Ему, признавался он, доставляло большое удовольствие расхаживать по Темишвару в качестве русского офицера. Вероятно, было уже половина двенадцатого, когда его, словно под охраной, повели к Энгельсгофену.
– Тот даже не взглянул на меня, – рассказывал Павел, – А когда я остановился перед ним, два капитана, пришедшие со мной, сели. Старик принялся тут же орать. За короткое время Энгельсгофен очень состарился. Он сидел, а его вытянутые из-под стола огромные ноги в сапогах со шпорами, казалось, росли на глазах.
Прошло немало времени, пока он наконец утих. Фельдмаршал-лейтенант часто закрывал глаза, и было заметно, что он, видимо, оглох и ничего не слышит. Я старался сохранить спокойствие.
Старик кричал: он-де знает, что Исаковичи готовы прихватить с собой в Россию весь Темишварский Банат, но это им даром не пройдет. Если он узнает, что они подговаривают народ переселяться в Россию, он всех их велит перевешать на площади перед комендатурой. Он пытался защищать их в Вене, он ничего не имеет против того, чтобы они остались сербами-схизматиками, но москалями стать он им не позволит.
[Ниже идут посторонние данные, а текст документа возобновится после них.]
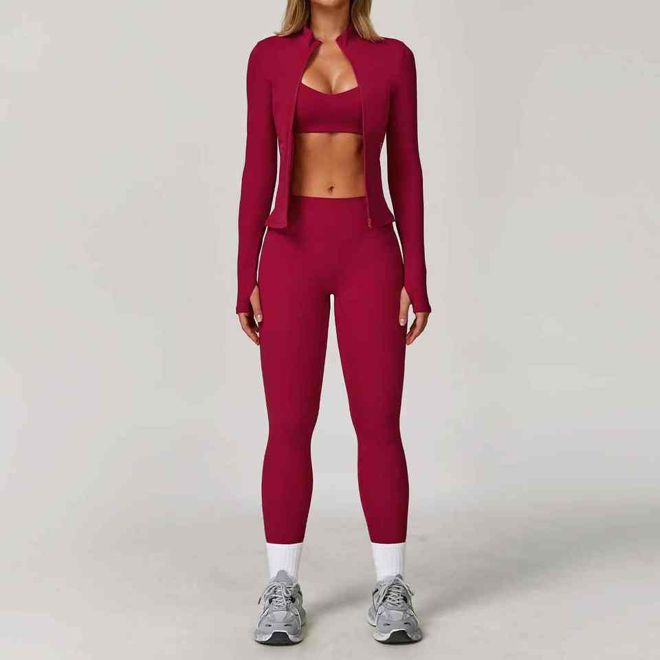 Women's 3-Piece Short Yoga Set Quick Dry Stretch Workout Outfit for Fitness Gym Running High Waist Leggings Sports Bra Coat 100%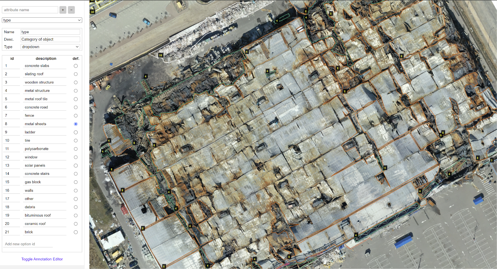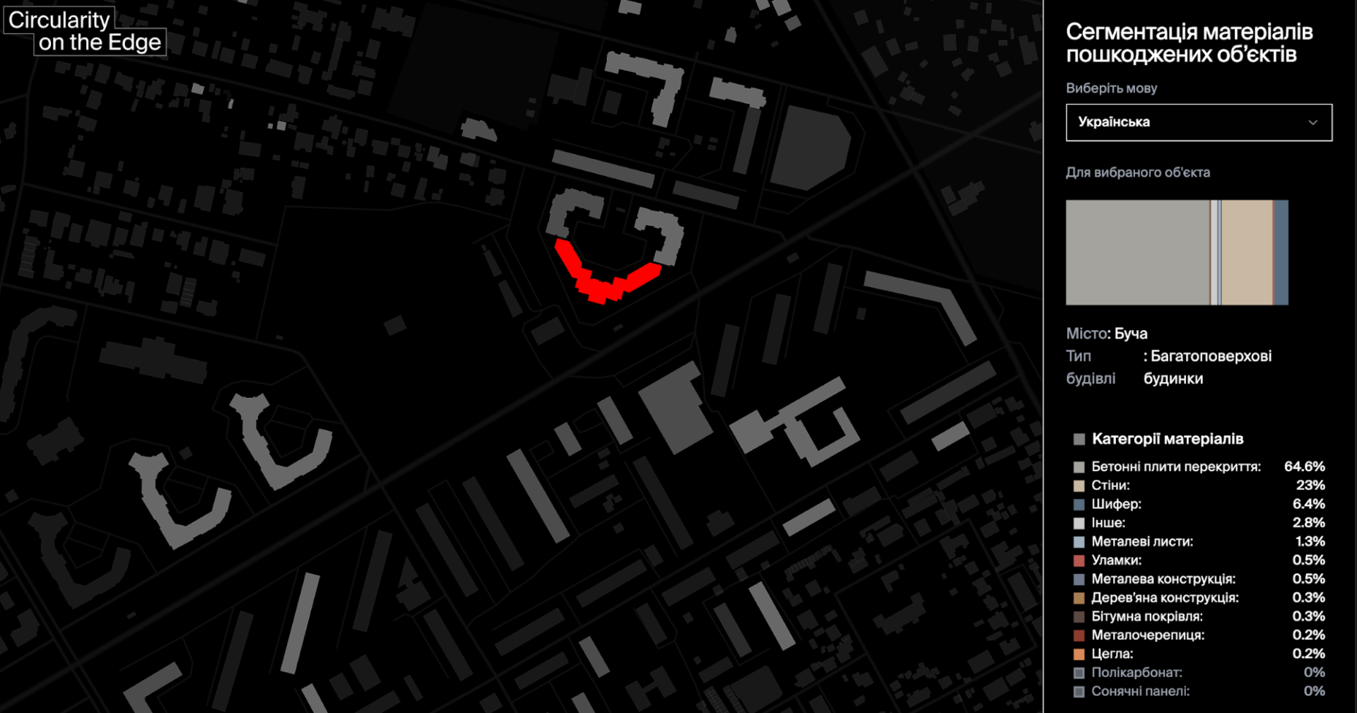 Для аналізу об’єктів у пілотному проєкті використовували знімки БПЛА всіх будівель Бучі, файли з оцінкою руйнувань, надані організацією Damaged in UA, та дані з відкритих джерел. ШІ, натренований дослідниками з ReThink, аналізує ці знімки, визначає та класифікує матеріали на зруйнованих об’єктах. Так система дає статистику, який відсоток різних матеріалів присутній на знімках пошкоджених будівель.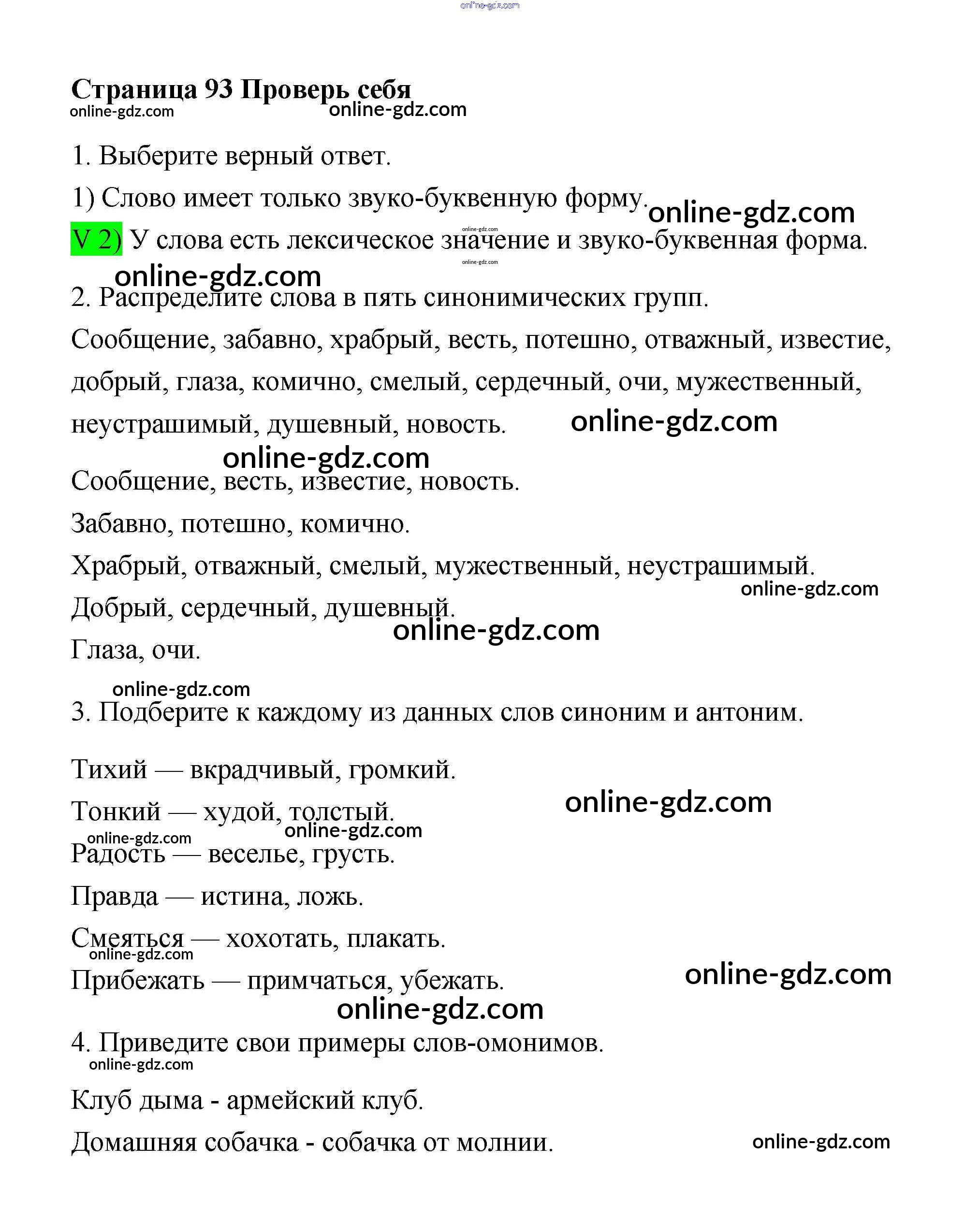 проверь себя / часть 1. страница / 93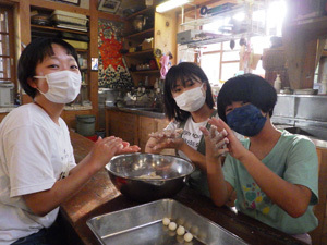 9月10日、今日は満月です。お月見を計画しているみー、なっちゃん、ふーみんがお月見団子をつくっています。

Когда Энгельсгофен замолчал, я громко заявил, что Исаковичам известно, что он защищал их в Вене; что он был на стороне сербов во время демилитаризации Потисского коронного округа;{1} что боролся за то, чтобы не передавать их венгерскому королевству; что он не одобряет и того, что двор преследует их за православие и гонит на земли Венгрии, чтоб превратить в паоров, которых можно было бы, как скотину, покупать и продавать. Все это нам известно. Поэтому я и пришел от имени многих сказать, что светлое и честное имя барона фон Энгельсгофена навсегда останется у нас в памяти. Наши бедные и убогие люди его никогда не забудут. Я пришел поклониться и рассказать, каким образом добрался до Вены и, подобно другим, получил русский паспорт, и ежели вынужденно причинил кому ущерб, то готов за это заплатить. Не хочу уезжать, не выразив ему своего уважения.
Старик слушал меня, вытаращив глаза и приложив руки к ушам, словно огромный облезлый заяц.
Потом закричал, что он из-за них тут, в этом Темишваре, поседел и что ему не нужно подсказывать, какие привилегии сербам даны, а какие не даны, когда они поселились в Австрии. Знает он наизусть: Extractus Punctorum Privilegialium![3]3
Выписки, статьи, привилегии (лат.).
[Закрыть] Если нам, Исаковичам, хочется, то мы можем уезжать, но переселять Махалу мы не имеем никакого права. А меня, Павла Исаковича, он как русского эмиссара арестует.
– От этих слов, – рассказывал Павел, – у меня в голове помутилось, и я пожалел, что вообще пришел к старику. А я ему еще чуть не сказал, зачем еду в Митровицу. В последнюю минуту удержался.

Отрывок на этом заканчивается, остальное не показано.